Achieving the Brazilian Wave Look

 Hair by Benita Blocker.  This client started with me in March 2012.  She has Type 3 hair.  She does "wash and go" styling at home with Mixed Chicks Leave-in products and some of Miss Jessie's Baby Buttercreme. When she came to me, she was using the "Knockoff" products from Sally's Beauty Supply.  I explained to her about the inferior ingredients in the "knockoffs" so she started investing in the real product brands.  She and I can definitely see a difference in her hair.  She comes in periodically for straightening (Her 7th visit with me). I straighten her hair with the marcel flat iron and stove, then I curl her hair with the  #60 marcel iron which delivers this Brazilian Wave Look.
 She does not have any hair extensions.  This is all of her natural hair.  No relaxers.  She had color treated hair when she came to me in March 2012.  The growing out of the color gives her an ombre effect to her hair.
The #60 marcel iron delivers the curls of the lavender magnetic roller set which gives the S-curl, natural wave look.


Thursday, July 14, 2011

Wash n' go Regimen for Type 3 curl pattern!

This combination seems to work great for Type 3 curl pattern, but not enough hold for a Type 4 curl pattern. I tried this combination twice, and twice I shrink into an "afro" within a few hours. Reminder: I have type 4 curl pattern. Actually, the difference between the regimens for Type 3 and Type 4 curl patterns is the last product used.
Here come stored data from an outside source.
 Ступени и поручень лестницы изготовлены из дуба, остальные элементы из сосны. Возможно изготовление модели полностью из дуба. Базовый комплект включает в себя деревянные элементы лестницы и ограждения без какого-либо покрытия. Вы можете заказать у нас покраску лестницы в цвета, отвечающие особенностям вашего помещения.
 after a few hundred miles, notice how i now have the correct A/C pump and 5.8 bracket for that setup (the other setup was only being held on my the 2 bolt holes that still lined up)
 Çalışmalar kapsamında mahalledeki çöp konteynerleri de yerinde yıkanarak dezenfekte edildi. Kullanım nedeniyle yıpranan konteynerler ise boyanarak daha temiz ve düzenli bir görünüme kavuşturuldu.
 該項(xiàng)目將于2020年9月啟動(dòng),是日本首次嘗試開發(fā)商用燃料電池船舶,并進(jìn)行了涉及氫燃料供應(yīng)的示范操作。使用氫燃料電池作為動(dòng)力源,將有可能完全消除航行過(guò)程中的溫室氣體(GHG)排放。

In detail, the regimen goes like this: 1) KeraCare Cleansing Cream: shampoo between 1 and 3 times as needed. 2) Towel blot. Skip the deep conditioning step if your hair is healthy and not too porous. Deep conditioning sometimes makes the hair strands too soft. 3) Use the Mixed Chicks Leave-in Conditioner to give you volume and shape. 4) Miss Jessie's Quick Curls helps give added control. The "Quick Curls" do not seem to hold Type 4 hair, but does great on Type 3!
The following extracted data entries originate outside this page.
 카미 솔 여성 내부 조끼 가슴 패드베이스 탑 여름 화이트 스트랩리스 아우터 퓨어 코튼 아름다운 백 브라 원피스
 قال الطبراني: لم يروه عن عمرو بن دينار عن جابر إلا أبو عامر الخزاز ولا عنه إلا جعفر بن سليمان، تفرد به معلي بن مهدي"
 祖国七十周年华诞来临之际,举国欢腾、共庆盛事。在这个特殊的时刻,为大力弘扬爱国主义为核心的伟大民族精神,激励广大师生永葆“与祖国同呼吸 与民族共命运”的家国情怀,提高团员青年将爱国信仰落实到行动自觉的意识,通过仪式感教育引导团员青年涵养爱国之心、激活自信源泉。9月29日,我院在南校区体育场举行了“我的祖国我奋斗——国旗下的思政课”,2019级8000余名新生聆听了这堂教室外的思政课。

Some folks may find the KeraCare cleansing cream and the Mixed Chicks Leave-in Conditioner to be sufficient as well. Two products instead of three . . .

These articles are designed to help you eliminate some trial and error! Have fun being natural!
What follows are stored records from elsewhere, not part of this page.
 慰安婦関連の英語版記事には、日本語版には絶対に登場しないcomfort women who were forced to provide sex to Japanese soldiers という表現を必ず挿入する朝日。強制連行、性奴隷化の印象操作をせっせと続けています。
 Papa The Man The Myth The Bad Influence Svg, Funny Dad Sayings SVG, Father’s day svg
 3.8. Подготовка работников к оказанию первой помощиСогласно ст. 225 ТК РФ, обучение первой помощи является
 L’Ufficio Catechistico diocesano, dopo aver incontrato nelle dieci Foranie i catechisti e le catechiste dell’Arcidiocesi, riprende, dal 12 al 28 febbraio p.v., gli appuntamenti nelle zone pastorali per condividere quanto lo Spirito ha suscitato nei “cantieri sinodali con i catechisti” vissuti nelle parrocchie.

Making Texturized Type 4c hair Wash n' Go!


Hair by Benita Blocker. This is a picture of Type 4c curl pattern that is "texlaxed" or texturized. The "Wash n Go" terminology is typical for Type 3 hair, but it usually means an "afro" for Type 4 hair. On the other hand, texturizing type 4 hair using a mild relaxer or a permanent haircolor reduces the curl pattern and softens the hair. This softening can cause the hair strands to go limp if the curl product is too oily or too heavy. So after a little trial and error, I discovered a "wash n go" regimen that seems to be light, curl defining, and prevents shrinkage (i.e. holds the style). Also, it is simple enough to repeat every morning! Yay!!!!
The regimen: 1) Start off with KeraCare Cleansing Cream. Shampoo with this between 1 and 3 times depending on how "soiled" your hair is. 2) Towel blot; skip deep conditioning because it will make the hair strands too soft. 3)Add Mixed Chicks Leave-in Conditioner. Use moderately. Too much may cause crystallization with the next product. However, you need this leave-in conditioner for volume purposes. 4) Work the KeraCare Defining Custard through the hair. This product consistency is like "egg whites" but not sticky. 5) Style and diffuse or style and air dry.

Voila! Three products and about 15 minutes max!

NOTE: The hair should be cut or shaped to support a wash n go style. Also, texturize the new growth as needed. If you are wetting the hair everyday, you will not need to texturize as often. Also, I tried the KeraCare Natural Textures Leave-in Conditioner. It worked fine, but it has propylene glycol in it. The Mixed Chicks Leave-in conditioner is healthier for the hair because of the glycerin in it. Please see my other articles on propylene glycol and other potential cancer causing ingredients.

Going natural is a great summer experiment!!!! Enjoy!